Items listed in a dataset:
■ ■ ■ ■ ■ ■ ■

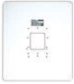
F03389 UNIVERSAL FRAME LARGE
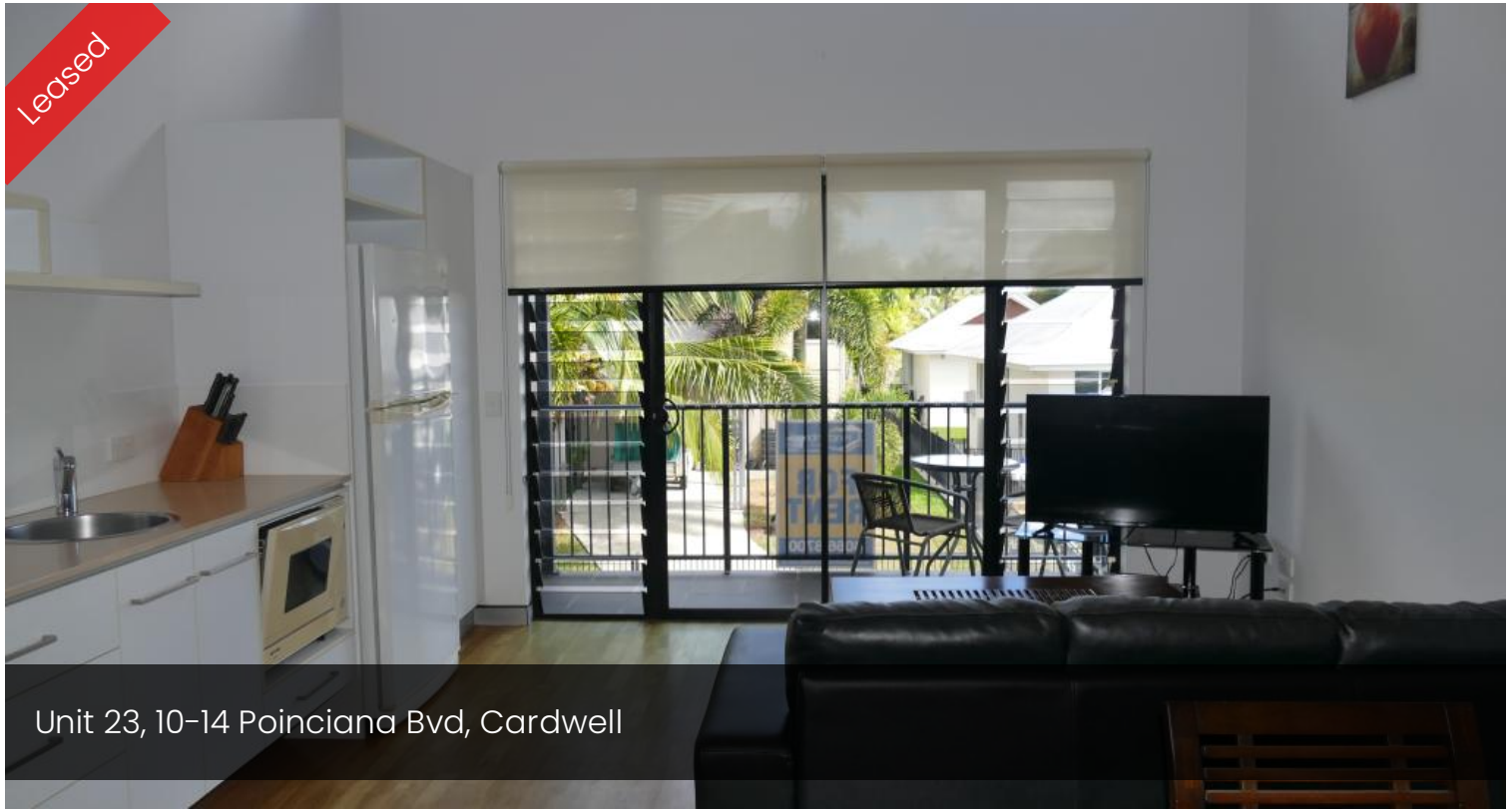
Unit 23, 10-14 Poinciana Bvd, Cardwell
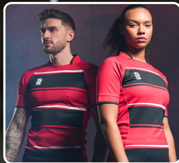
Blindside Range Red/Black/White
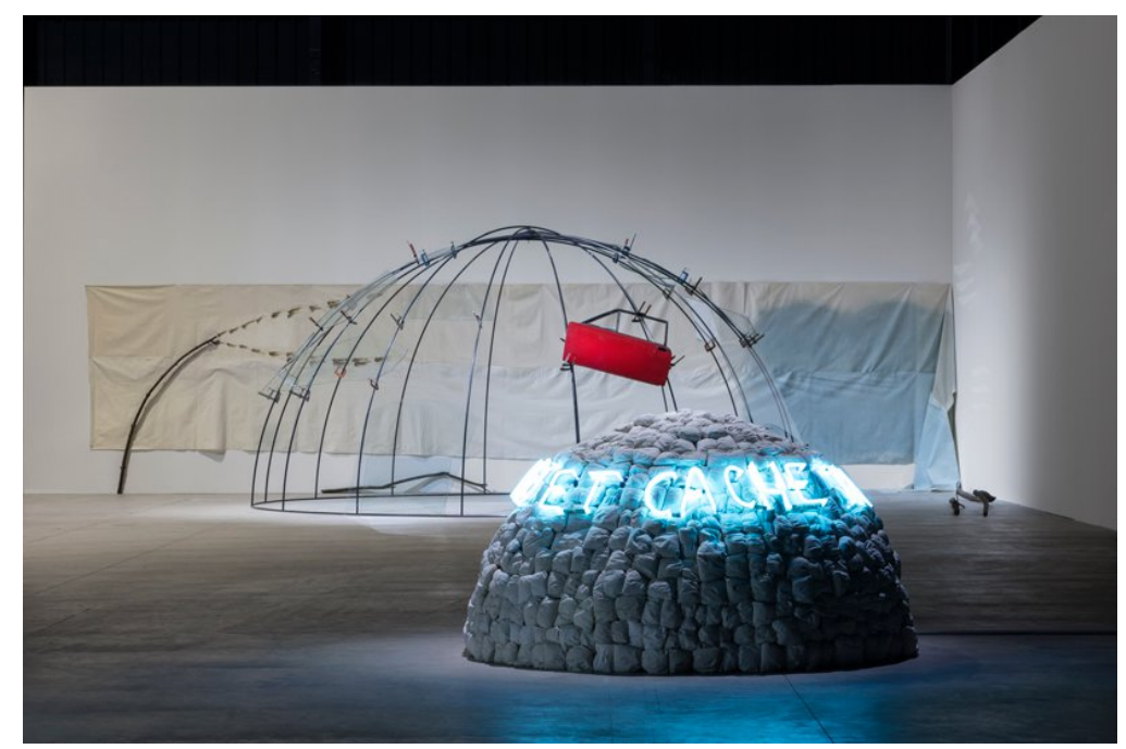
mario merz igloos, exhibition view at pirelli hangarbicocca, milan, 2018. © mario merz, by siae 2018
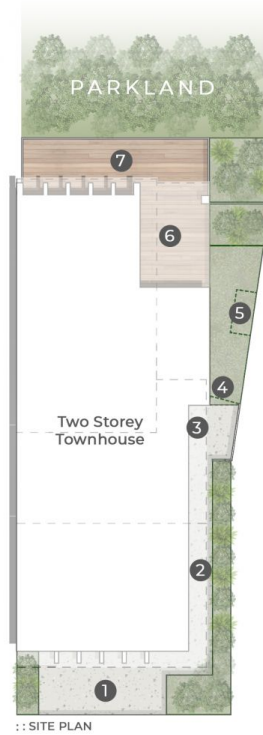
DRIVEWAY ACCESS TO EASTHILL DRIVE
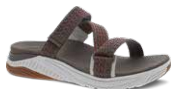
Brown Multi Webbing 4916-530300 (36-42)
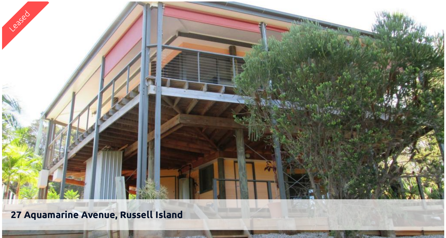
27 Aquamarine Avenue, Russell Island
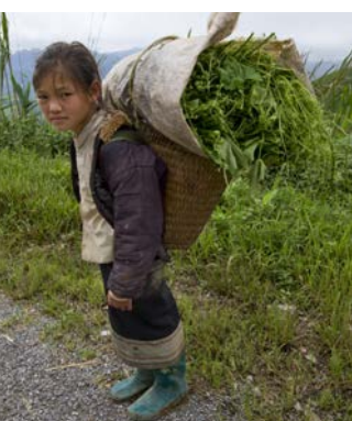
Child labour is common amongst the marginalised Hmong.
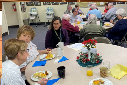
Ash Wednesday service, following our first Lenten Breakfast on February 26, 2020.
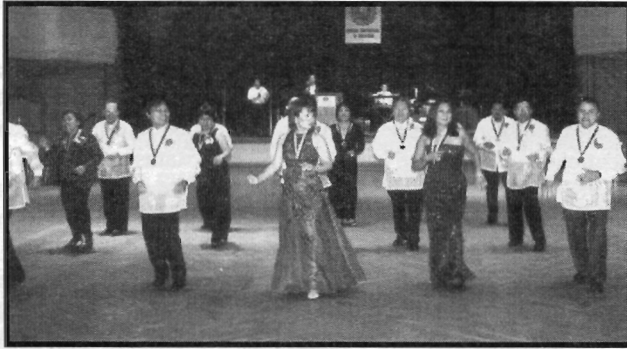
... and at the Dance Floor. Mambo!
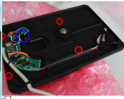
2. Backplate of the filter wheel mounted to the SFT-8300 (the red circles mark the corresponding screws, the blue circle marks the sensor for the filter wheel position)
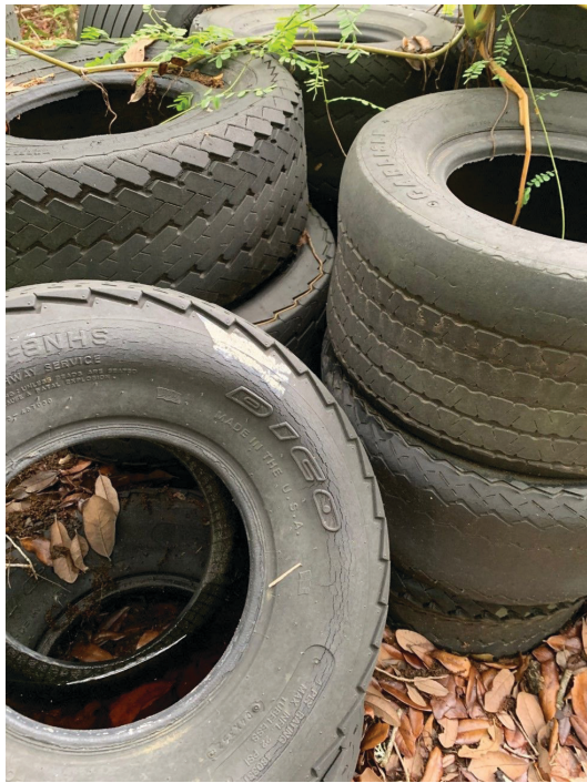
Figure 2. In addition to serving as a potential method of transport, tires that are discarded and left in the environment collect water, providing developmental habitat for container-inhabiting species like Aedes japonicus (Theobald).
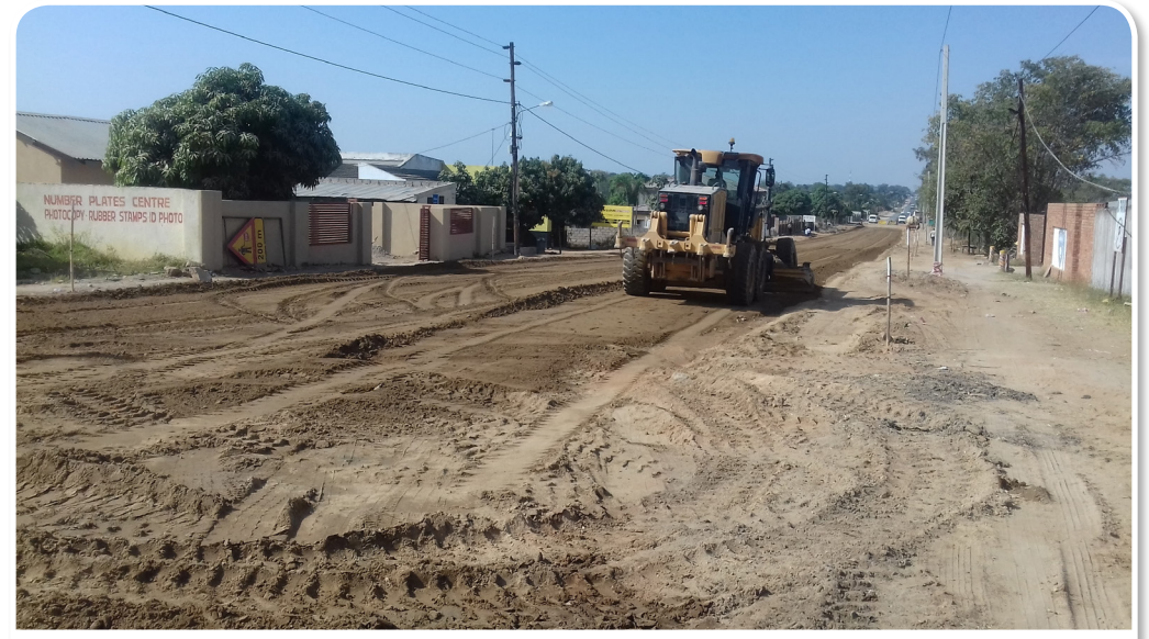
ROAD CONSTRUCTION: Phase two underway from Thulamahashe to Buyisinto.

he rural community of Nkomazi Local Tonga in gained Municipality has great benefits from the Municipal Support Programme implemented by the Department recently. The programme which is coordinated by the Department focuses mostly on roads maintenance and other basic services, aimed at assisting distressed municipalities towards the fulfilment of their mandate.
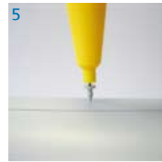
5 Closing longitudinal seams with plastic push-in rivets
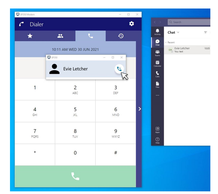
Dial from Microsoft Teams
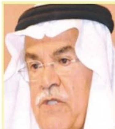
Ali bin Ibrahim Al Naimi Minister of Petroleum & Mineral Resources KSA
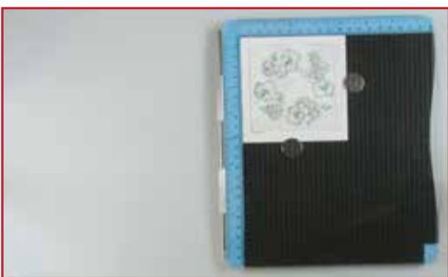
10. Close the lid and stamp.
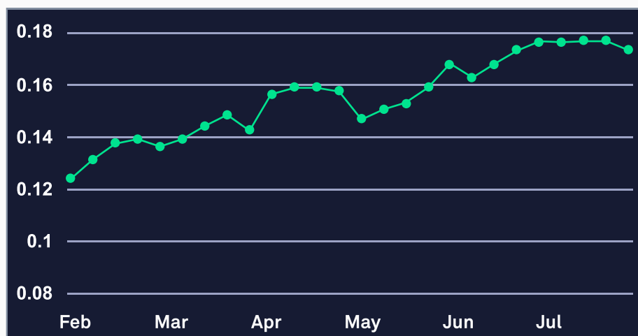
July Airfare Prices
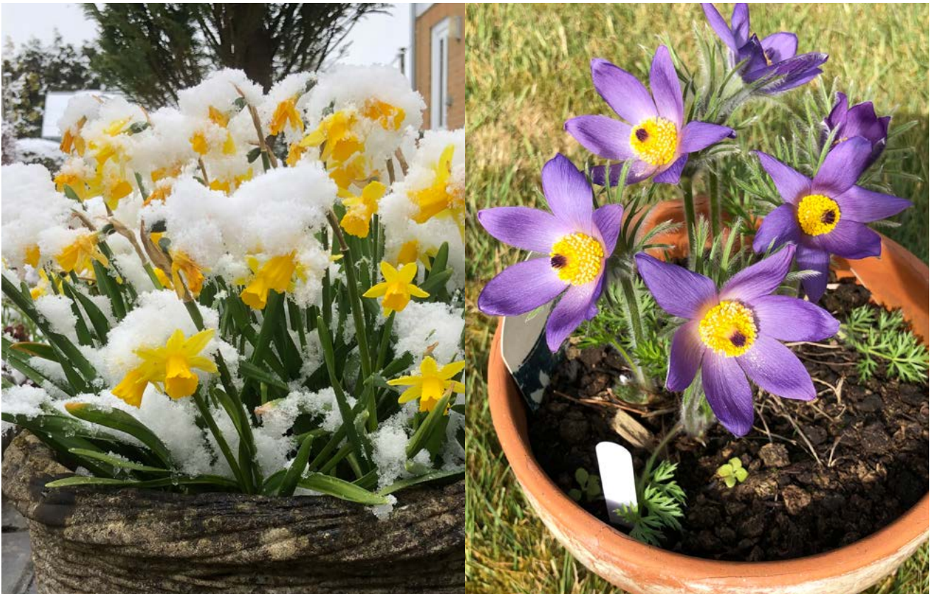
Two sides to April and all in the space of a couple of days
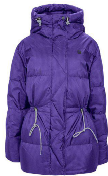
Purple - 76
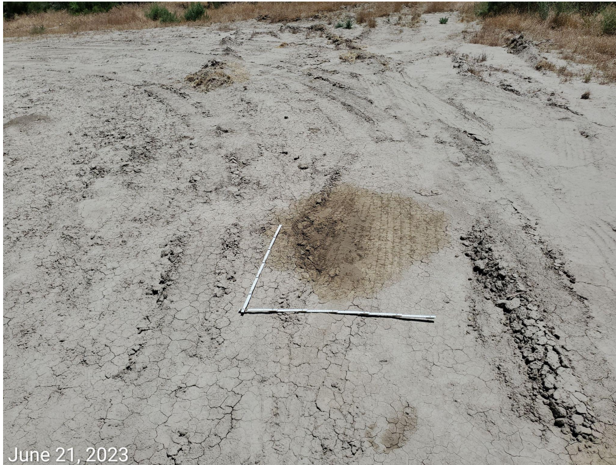
Photo 5: Photo example showing stained soils observed in previous inspections have not been cleaned/removed.
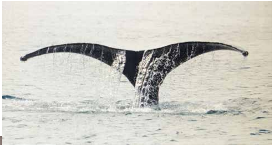
Unexpected 10th participant
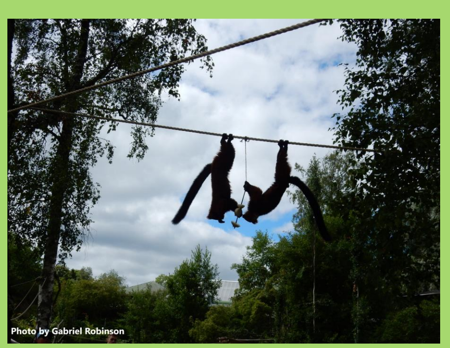
Red ruffed lemurs interacting with the food enrichment
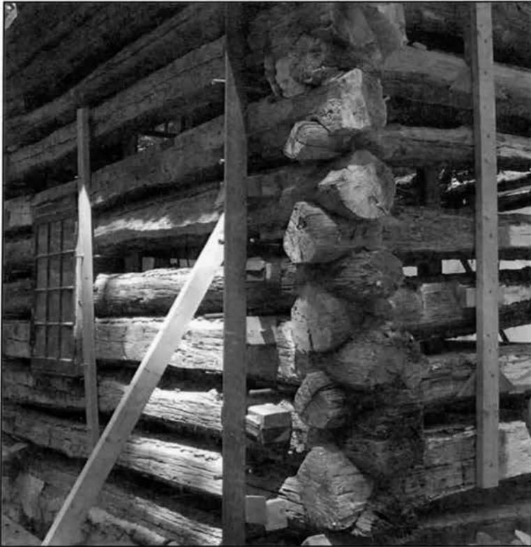
The unique characteristics of inverted V-corner notching, and the “crowning” beyond the points of attachment, indicated original construction of the Church Road Cabin before 1790.

contrast, the notches in the Church Road Cabin are very steeply pitched – often referred to as tear-drop notches - that reflects the appearance of the notch. Such notches are rare on log buildings built after about 1790. Mr. Huber stated that the notches on the Church Road house are some of the very steepest ever seen by Past Perspectives ... going back almost 35 years. This trait was a tradition apparently practiced by first and second generation builders in south-east Pennsylvania. As the years went by, into the late eighteenth and early nineteenth century, the sides of the V became less and less steep - the effect of traditions of later generation builders.

■ ■ ■ ■ ■ ■ ■

#### EXERCISE DESCRIPTION
With the pictures omitted, print precisely the lines from the one with "July Airfare Prices" to the final line of the records, both included.

#### SOLUTION TO THE PROBLEM
July Airfare Prices
Two sides to April and all in the space of a couple of days
Purple - 76
Photo 5: Photo example showing stained soils observed in previous inspections have not been cleaned/removed.
Unexpected 10th participant
Red ruffed lemurs interacting with the food enrichment
The unique characteristics of inverted V-corner notching, and the “crowning” beyond the points of attachment, indicated original construction of the Church Road Cabin before 1790.

contrast, the notches in the Church Road Cabin are very steeply pitched – often referred to as tear-drop notches - that reflects the appearance of the notch. Such notches are rare on log buildings built after about 1790. Mr. Huber stated that the notches on the Church Road house are some of the very steepest ever seen by Past Perspectives ... going back almost 35 years. This trait was a tradition apparently practiced by first and second generation builders in south-east Pennsylvania. As the years went by, into the late eighteenth and early nineteenth century, the sides of the V became less and less steep - the effect of traditions of later generation builders.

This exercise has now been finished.